To examine this target specificity in more detail, we analyzed the maturation of glutamine phosphoribosylpyrophosphate amidotransferase (GPAT) which catalyzes the first step of purine nucleotide synthesis and is translated as an inactive proenzyme. Its activation requires both the incorporation of a [4Fe-4S] cluster and the subsequent removal of an N-terminal undecamer propeptide. Since cluster insertion critically determines protein stability (Martelli et al., 2007; Stehling et al., 2008), the steady-state levels of GPAT measured by immunostaining provide a direct measure of Fe/S cluster assembly. The consequences of CIA2A, CIA2B, and CIA1 depletion on GPAT protein and mRNA levels were similar to those observed for DPYD maturation (Figs. 3D and S5E–F). In conclusion, GPAT maturation requires CIA1 and CIA2B, but not CIA2A, and thus exhibits a similar CIA factor dependency as DPYD.

Depletion of CIA2B but not of CIA2A affects maturation of POLD1

While IRP1, GPAT, and DPYD reside in the cytosol, other Fe/S proteins are present in the nucleus and function in the maintenance of genome integrity. A representative example is POLD1, the catalytic subunit of DNA polymerase δ, and a homologue of yeast Pol3 which was recently shown to carry a [4Fe-4S] cluster (Netz et al., 2012b). Similar to IRP1, GPAT, and DPYD, the steady-state protein level of POLD1 is dependent on efficient Fe/S cluster assembly (Stehling et. al., 2012), and thus provides a suitable measure for the maturation status of the protein.

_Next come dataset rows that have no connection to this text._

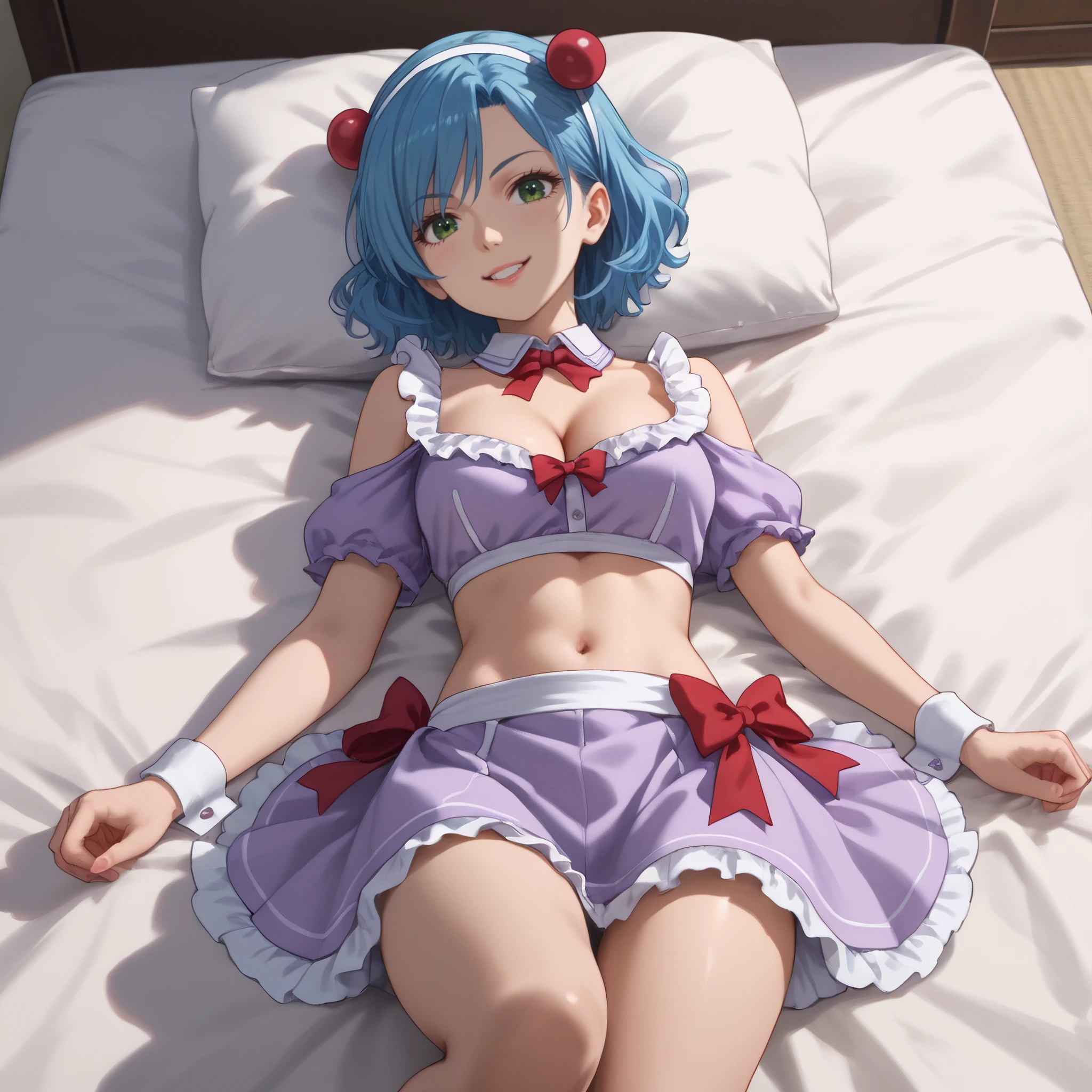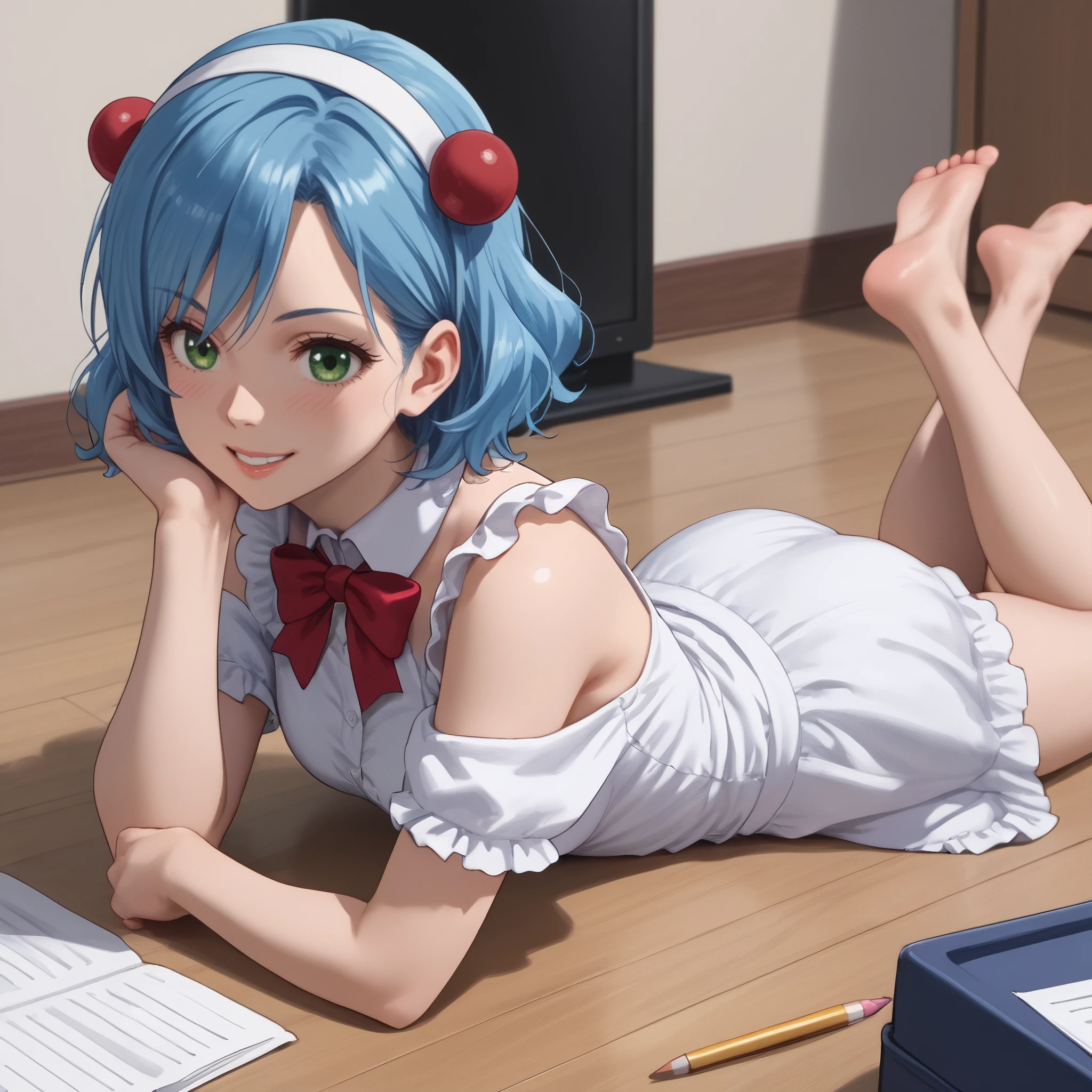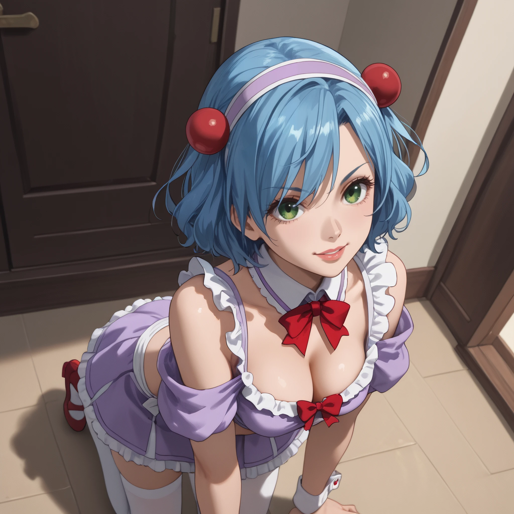 AMWMiyabi, blue hair, short hair, hair ornament, hairband, bow, green eyes, hair bobbles, bangs, eyebrows visible through hair, ribbon, red bow,
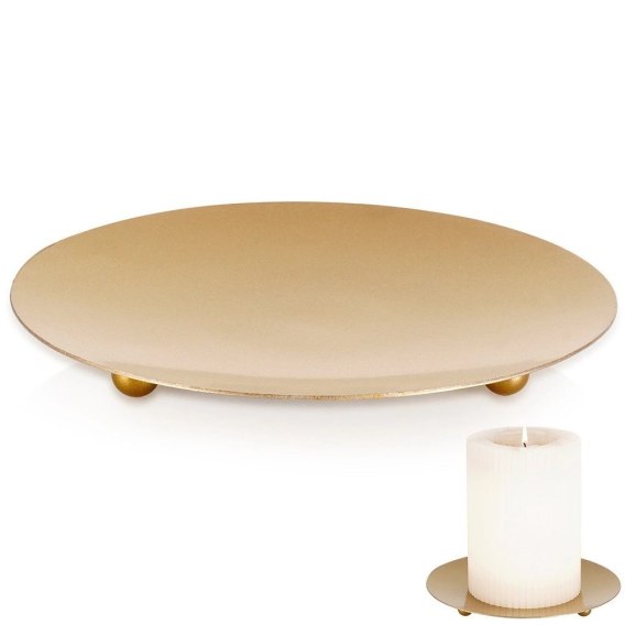 Efektowna podstawka pod świece. Jej minimalistyczny, modny design nadaje wnętrzu nowoczesny charakter, podkreślając elegancję umieszczonych na niej ozdób. Dzięki solidnemu wykonaniu, podstawka jest trwała i odporna na uszkodzenia, co sprawia, że będzie cieszyć swoim wyglądem przez długi czas. Idealnie wpisuje się w najnowsze trendy wnętrzarskie, stanowiąc wyjątkowy akcent dekoracyjny.
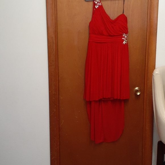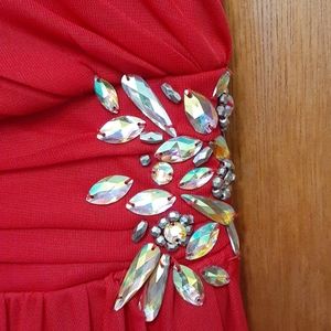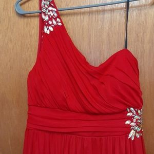 Red off one shoulder sequence party dress zips on the side
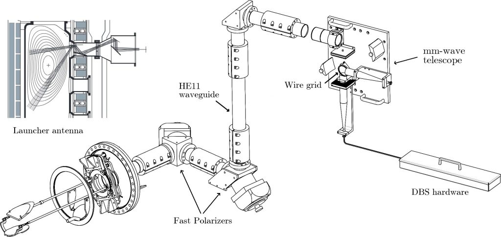 TPCI is complemented by a Short-Pulse Reflectometer (SPR). This is, in short, a radar. Electromagnetic pulses in the microwave range (50-80 GHz) are launched into the plasma. At these frequencies, electromagnetic waves encounter so-called “cutoff” locations, defined by the plasma properties (primarily its density). At these locations, the waves are reflected back. As the waves are in the form of short pulses (less than 1 nanosecond), one can simply measure their time of flight back to the point of departure, which allows one to locate the cutoff layer in space. By constantly scanning the pulse frequencies, a large fraction of the plasma is scanned, and the spatial variation of density can be reconstructed. Furthermore, as the pulses are so short, the scans can be very rapid and fast density fluctuations can also be estimated.

Upon RNAi-mediated depletion of CIA1 the POLD1 protein levels were strongly (>50%) diminished, while knock-downs of CIA2B or CIA2A only slightly decreased or increased POLD1 levels, respectively (Figs. 3E and S5G). In neither case did POLD1 mRNA levels decline (Fig. S5H). Thus, maturation of POLD1 appears to be most dependent on CIA1, and is only mildly affected by depletion of CIA2B. Together, these results indicate that the CIA proteins CIA1, CIA2A and CIA2B exhibit differential target specificity in the assembly of cytosolic-nuclear Fe/S proteins and thus can be viewed as dedicated CIA maturation factors.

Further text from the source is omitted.